Chasing a Moonbow at Cumberland Falls, KY

Here’s an item for your bucket list:  Marveling at a magical moonbow – not a rainbow, but a moonbow.

This phenomenon occurs at Cumberland Falls in southeastern Kentucky and nowhere else in the western hemisphere. Cumberland Falls, the centerpiece of a popular Kentucky state park, is a curtain of water 125 feet across and 60 feet tall. It pours into a rocky gorge, and on the nights of a full moon, magic happens. There, arching across the night sky,  is a moonbow.

Kentucky native T. Coleman DuPont bought the falls in 1927 and gave it to the state for a park. He’s the namesake of the 51-room DuPont Lodge, which is accented by solid hemlock beams, knotty pine paneling and massive stone fireplaces.

 

The park also has rental cabins, camping, hiking trails and a stable.

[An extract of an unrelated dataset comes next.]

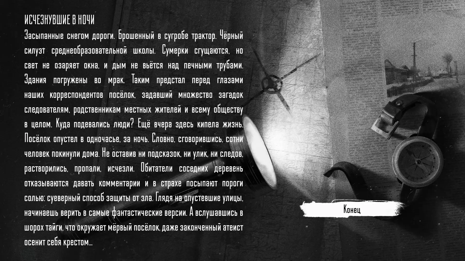 Если же Антон не впускает мать и выбирает себя в качестве угощения, звери уничтожают весь поселок. Это концовка «Исчезнувшие в ночи».

Guided rafting trips are offered nearby, and the surrounding Daniel Boone National Forest provides panorama after panorama of mountain beauty.

Cumberland Falls, sometimes called the Niagara of the South, is beautiful in the daylight, too, but it is too often bypassed as travelers zoom along I-75. It’s only 20 miles southwest of Corbin, but it’s a world apart.